Девятого упала вторая бомба. На Нагасаки. Но о тех, кто умер там, сгорел, обратился в пар, как-то уже не думалось. Потому что в тот день на восточной границе загрохотала война. Война эта с первых дней была точно такая, как пели когда-то перед сорок первым в песнях по радио, — стремительная, сокрушительная, поражающая невероятными цифрами пленных.

Сотнями тысяч сдавались японцы, танковые армии рвались через Хинган, на Курилах и Сахалине высаживались десанты, а здесь, мимо нас, все текла военная пушечно-танковая река.

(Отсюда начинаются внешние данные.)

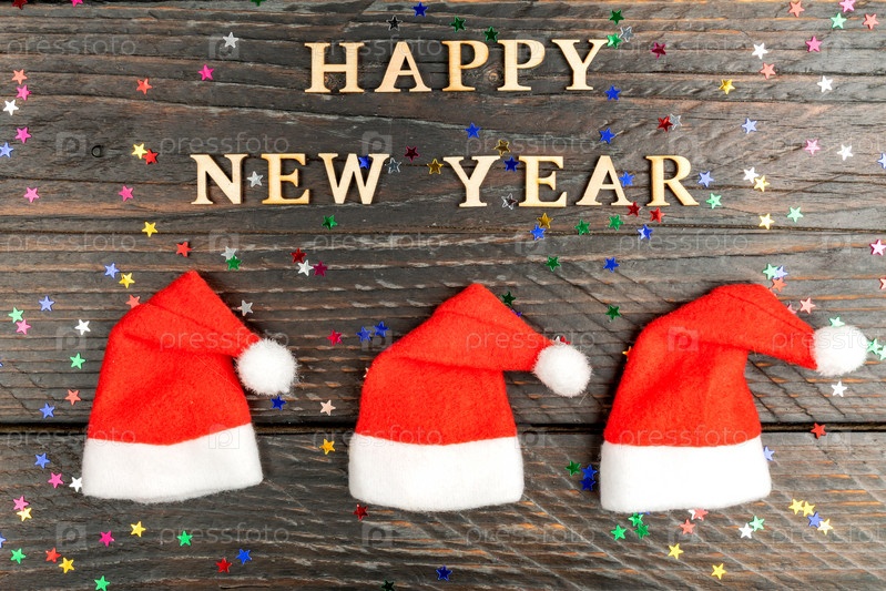 Праздничная открытка на счастливый новый год с деревянным текстом и красными Санта-Клаусами на деревянном фоне
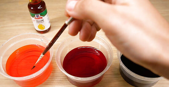 Mix together 1/4 bottle of food color with one cup of water for paint. Alternately, use poster or tube paints. Greens, reds, silvers, golds, and deep blues are considered traditional Christmas colors.
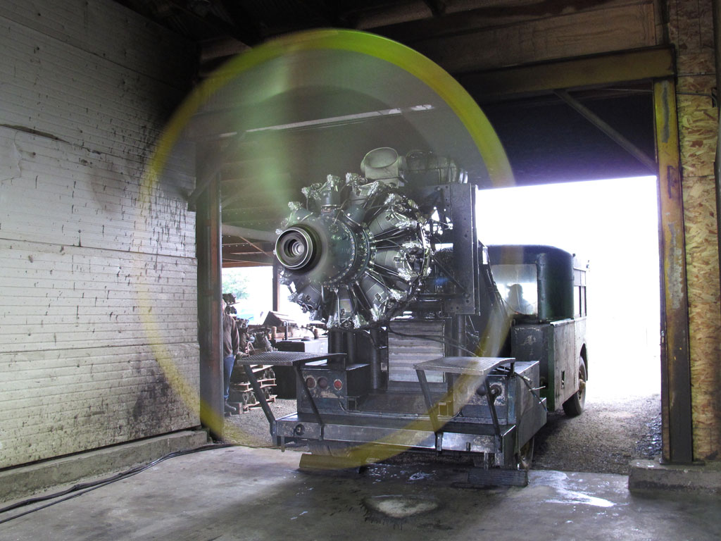 De R-2800, ook geen kleine jongen, op een proefbank USA Reno-style.

Как-то под вечер мать послала меня накопать молодой картошки на огород — тогда у всех были огороды по тощим суглинкам и пустырям за товарной станцией. Никаких переходов-мостов там не было, и каждый раз приходилось пробираться, подлезая под десятки составов, пока весь красный, окапанный мазутом, с грязными руками, локтями и коленями не вылезал на противоположной стороне путей и валился отдохнуть в пыльные лопухи мать-и-мачехи на забурьяненном шлаковом откосе. На этот раз последний состав оказался с охраной. Солдаты в синих фуражках и собака. Овчарка кинулась без лая, с тихим хрипом. Я нырнул под вагон, зацепился, порвал рубаху, расшиб колени и свалился под откос, а собака придавила жесткими лапами, урчала, готовая хватать и рвать. Солдаты ее отозвали с хохотом, я чуть не ревел, рубаха порвана, колени в крови, штаны в мазуте, а главное — зачем, за что? Всегда думал — солдаты добрые. Еще в детском садике к нам на Октябрьский праздник приходили солдаты. Я сидел у одного на коленях, трогал ремень, звездочку на фуражке, от солдата хорошо пахло, как от отца, и я доверчиво прислонился к нему, почти так же, как к отцу. И вообще всегда было у меня ко всякой серой шинели уважительное доверие. А эти… Накопал картошки, залепил колени подорожником, лопату не зарыл, взял с собой, хромая побрел обратно. Решил: еще наскочит собака — зарублю, а там будь что будет, пусть хоть стреляют… Когда подошел — эшелона не было.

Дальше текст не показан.